**TASK ITEM:** Only the lines of the listing below that run from the line with "Krievu apkalpošanas metode" through the line with "20 февраля в" are to be set down, word for word. Pictures stay out.
■ ■ ■ ■ ■
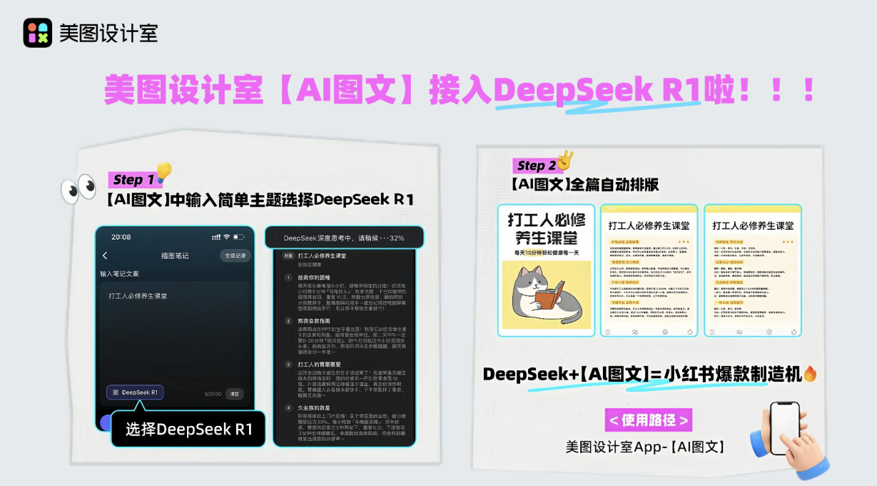 输入相关从题,升级后的AI图文功能让自创做变得愈加简单和高效。即可生成多篇内容,完成系列图文。从动生成高质量的商品展现图,大幅提拔内容出产效率。用了这个功能后,一键粘贴至美图设想室“AI图文”,美图公司旗下美图设想室AI图文颁布发表接入DeepSeek大模子,用户可选择最对劲的一篇发布至小红书。实现案牍、笔记封面和内页排版的一键输出,”美图设想室也为用户供给高阶实操教程,用户只需输入简单从题并选择DeepSeek R1,连系DeepSeek大模子的内容生成能力,享遭到高效创做带来的乐趣和价值。再连系美图设想室的批量套模板功能,很多用户暗示。
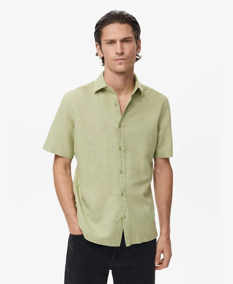 Set a relaxed tone in the Short Sleeve Linen-Blend Shirt from Mango.
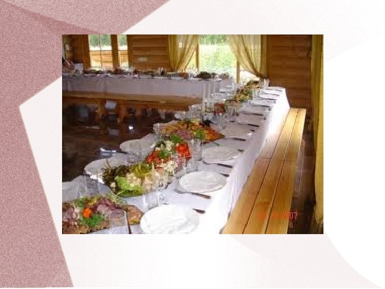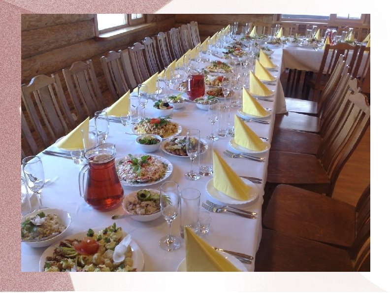 Krievu apkalpošanas metode Ēdienus pasniedz koplietošanas traukos. Šo metodi dēvē par metodi krievu gaumē, jo viesi apkalpo paši sevi. Tas notiek šādi: � Galds iepriekš klāts ar individuāliem traukiem un galda piederumiem katram viesim, ņemot vērā viņa pasūtījumu; � Viesmīlis saņem ēdienus koplietošanas traukos; � Atnes tos un noliek uz servanta; � Pieliek klāt koplietošanas galda piederumus, ar ko paņemt ēdienu; � Ar labo roku novieto ēdienu uz galda pa vidu tā, lai koplietošanas galda piederumi būtu pa labi no viesa; � Viesis apkalpo pats sevi un piedāvā blakussēdētājam, uzliekot ēdienu no koplietošanas šķīvja ar koplietošanas galda piederumiem uz individuālā šķīvja; � Ja vienlaikus jāizvieto vairāki ēdieni, tos sakārto, ievērojot trauku lielumu un
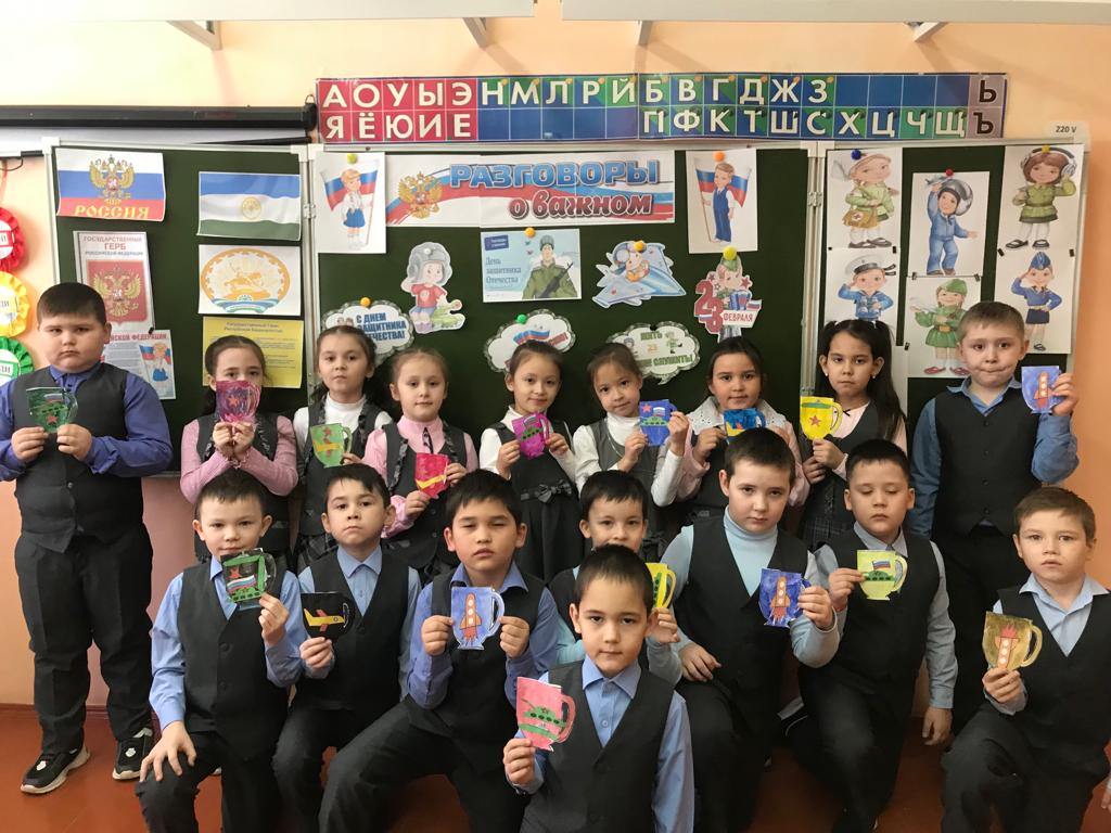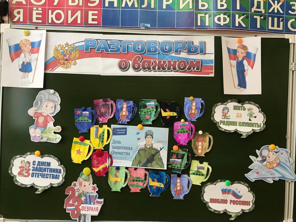 20 февраля в 1в классе проведено внеурочное занятие «Разговоры о важном». Темой занятия стал приближающийся праздник — День Защитника Отечества. В ходе занятия ребята обсудили, что означает слово «защитник», выполнили задания в рабочих листах, посмотрели видеоматериал «Вооружённые силы России». А в конце занятия сделали поделку «чашка солдата».
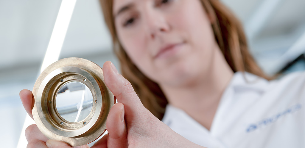The distance from the lens vertex to the upper contact surface can be manufactured with an accuracy of up to ±0.5 µm. Similarly, the diameter can be manufactured with an absolute accuracy of ±2 µm. The remaining centration error can be reduced to less than 0.5 µm by using a suitable alignment chuck. Moreover, a low coherent interferometer can be used to measure the center thickness on the machine, so that the contact surfaces can be manufactured with high precision with respect to each lens vertex. Multiple mounted lenses manufactured by alignment turning are then assembled to an objective lens. The method of machining in the micron range ensures that all lenses are aligned to each other. This allows mounted lenses to be assembled in a tube without further adjustment steps.
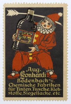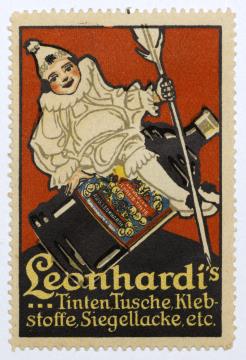 Reklamemarke/Werbemarke für Schreibwarenhersteller Leonhardi; rechteckig, polychrom
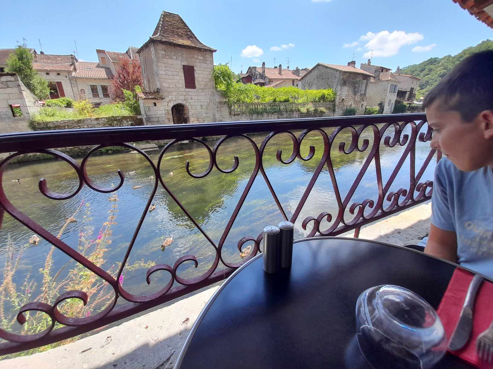 Posté le 23/08/2019 à 08:59"Arrivée 12h15 (avec réservation), départ 14h15. 45 minutes d'attente pour les repas enfants ( 8€ pour un jambon purée, arrivée froide, décevant). Nous avons dû patienter encore 20 minutes pour avoir nos plats ( 3 salades et 2 viandes). Dommage que le service ait été si long, car les plats sont bons et vue sur la Dronne."
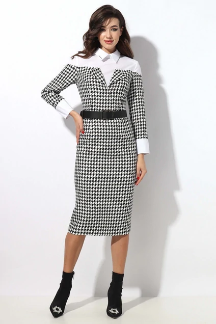 Платье женское полуприлегающего силуэта отрезное по линии талии.Верхняя часть платья имитация блузки из хлопчатобумажной ткани.Воротник отложной на отрезной стойке .С правой стороны на воротнике термоаппликация. На полочке запах с отложными лацканами.На спинке потайная молния(50 см), по низу платья разрез.Рукав втачной.Низ рукава на притачной манжете.По линии талии широкий ремень(входит в комплект).Длина платья 112 см.Длина рукава 57 см.Тип ткани жаккард "гусиная лапка".Изделие подойдет на рост 164-170 см.
■ ■ ■ ■ ■
**ANSWER SECTION:**
 Krievu apkalpošanas metode Ēdienus pasniedz koplietošanas traukos. Šo metodi dēvē par metodi krievu gaumē, jo viesi apkalpo paši sevi. Tas notiek šādi: � Galds iepriekš klāts ar individuāliem traukiem un galda piederumiem katram viesim, ņemot vērā viņa pasūtījumu; � Viesmīlis saņem ēdienus koplietošanas traukos; � Atnes tos un noliek uz servanta; � Pieliek klāt koplietošanas galda piederumus, ar ko paņemt ēdienu; � Ar labo roku novieto ēdienu uz galda pa vidu tā, lai koplietošanas galda piederumi būtu pa labi no viesa; � Viesis apkalpo pats sevi un piedāvā blakussēdētājam, uzliekot ēdienu no koplietošanas šķīvja ar koplietošanas galda piederumiem uz individuālā šķīvja; � Ja vienlaikus jāizvieto vairāki ēdieni, tos sakārto, ievērojot trauku lielumu un
 20 февраля в 1в классе проведено внеурочное занятие «Разговоры о важном». Темой занятия стал приближающийся праздник — День Защитника Отечества. В ходе занятия ребята обсудили, что означает слово «защитник», выполнили задания в рабочих листах, посмотрели видеоматериал «Вооружённые силы России». А в конце занятия сделали поделку «чашка солдата».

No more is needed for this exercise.